Create a named query

  1. Log in to the Greengage DB master host as gpadmin.

  2. Go to the $PXF_BASE/servers/postgres-server JDBC server configuration directory and create a text file named order_report.sql having the following content:

    SELECT
        c.name,
        c.city,
        SUM(o.amount) AS total,
        EXTRACT(MONTH FROM o.order_date) AS order_month
    FROM
        customers c
    JOIN
        orders o ON c.id = o.customer_id
    GROUP BY
        c.name, c.city, EXTRACT(MONTH FROM o.order_date)
    ORDER BY
        c.city, total;

    This query retrieves customer names and their cities with the total amount of all orders placed by each customer in a specific month. The data is aggregated per customer and order month, providing a monthly summary of order totals for each customer. The results are then sorted first by city and then by the total order amount.

  3. Synchronize the PXF server configuration to the Greengage DB cluster:

    $ pxf cluster sync
  4. Create a readable PXF external table that references the created query file. In the LOCATION clause, specify the query name (order_report), the profile used (jdbc), and the remote PostgreSQL server (postgres-server). The PARTITION_BY clause is used for dividing the data into partitions based on the order_month column, with an interval of three months per partition.

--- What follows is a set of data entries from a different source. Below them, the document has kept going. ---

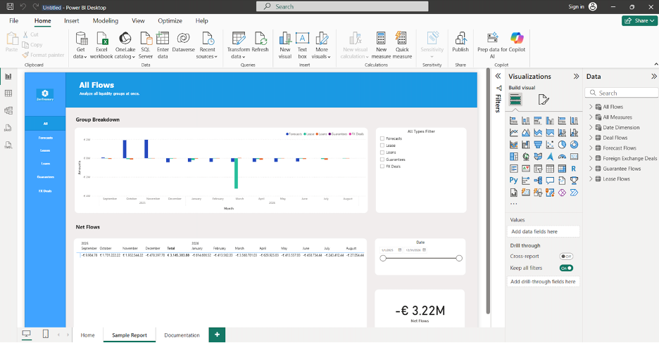 Power BI will begin loading and refreshing data. This may take a few seconds and up to 30 minutes, depending on the dataset size. If the process fails or stalls, please contact ZenTreasury Support via Support Portal by leaving the support ticket.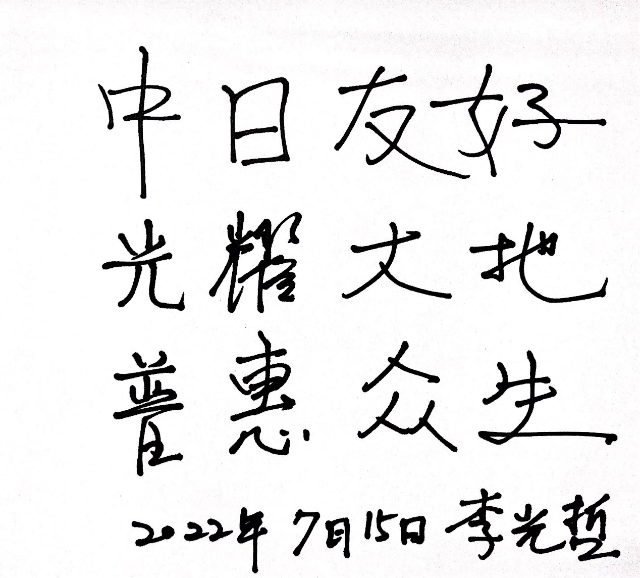 中国赴日留学生、光普能源控股集团总裁李光哲:中日友好,光耀大地,普惠众生。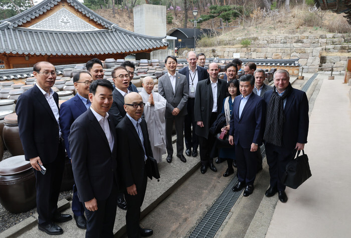 Industry and Trade Minister Ahn Duk-geun (C, in grey suit) poses for a photo with a group of foreign investors during a visit to Jingwan Temple in Seoul on April 3, 2024. (Yonhap)

In the FORMAT clause, specify pxfwritable_import, which is the built-in custom formatter function for read operations:

    CREATE EXTERNAL TABLE pxf_query_order_report (
            name text,
            city text,
            total int,
            order_month int
        )
        LOCATION ('pxf://query:order_report?PROFILE=jdbc&SERVER=postgres-server&PARTITION_BY=order_month:int&RANGE=1:12&INTERVAL=3')
        FORMAT 'CUSTOM' (FORMATTER='pxfwritable_import');
  5. Run several example queries on the created external table and view the results:

    • View all data returned by the query:

      SELECT * FROM pxf_query_order_report;

      The output should look as follows:

            name       |     city      | total | order_month
      -----------------+---------------+-------+-------------
       Henry Moore     | Dallas        |    70 |           4
       Emily Davis     | Houston       |   110 |           5
       Alice Smith     | New York      |    80 |           5
       Grace Taylor    | Philadelphia  |   135 |           6
       Frank Wilson    | Phoenix       |    95 |           4
       Isabella Garcia | Seattle       |   105 |           5
       Charlie Brown   | Chicago       |    60 |           2
       Bob Johnson     | Los Angeles   |   120 |           1
       Bob Johnson     | Los Angeles   |   150 |           3
       Alice Smith     | New York      |    75 |           1
       David Lee       | San Francisco |    85 |           3
       Charlie Brown   | Chicago       |    72 |          11
       Alice Smith     | New York      |    90 |          10
       Jack Rodriguez  | Denver        |    65 |           7
       Bob Johnson     | Los Angeles   |   140 |           9
      (15 rows)
    • View the cities with the total ordered amount exceeding 100:

      SELECT city, sum(total) FROM pxf_query_order_report
          WHERE total > 100
          GROUP BY city;

      The output should look as follows:

           city     | sum
      --------------+-----
       Philadelphia | 135
       Los Angeles  | 410
       Seattle      | 105
       Houston      | 110
      (4 rows)
    • View top 5 customers by ordered amount:

      SELECT name, SUM(total) AS total_ordered FROM pxf_query_order_report
          GROUP BY name
          ORDER BY total_ordered DESC
          LIMIT 5;

      The output should look as follows:

           name      | total_ordered
      ---------------+---------------
       Bob Johnson   |           410
       Alice Smith   |           245
       Grace Taylor  |           135
       Charlie Brown |           132
       Emily Davis   |           110
      (5 rows)
    • View total ordered amount by month:

      SELECT order_month, SUM(total) AS monthly_total FROM pxf_query_order_report
          GROUP BY order_month
          ORDER BY order_month;

      The output should look as follows:

       order_month | monthly_total
      -------------+---------------
                 1 |           195
                 2 |            60
                 3 |           235
                 4 |           165
                 5 |           295
                 6 |           135
                 7 |            65
                 9 |           140
                10 |            90
                11 |            72
      (10 rows)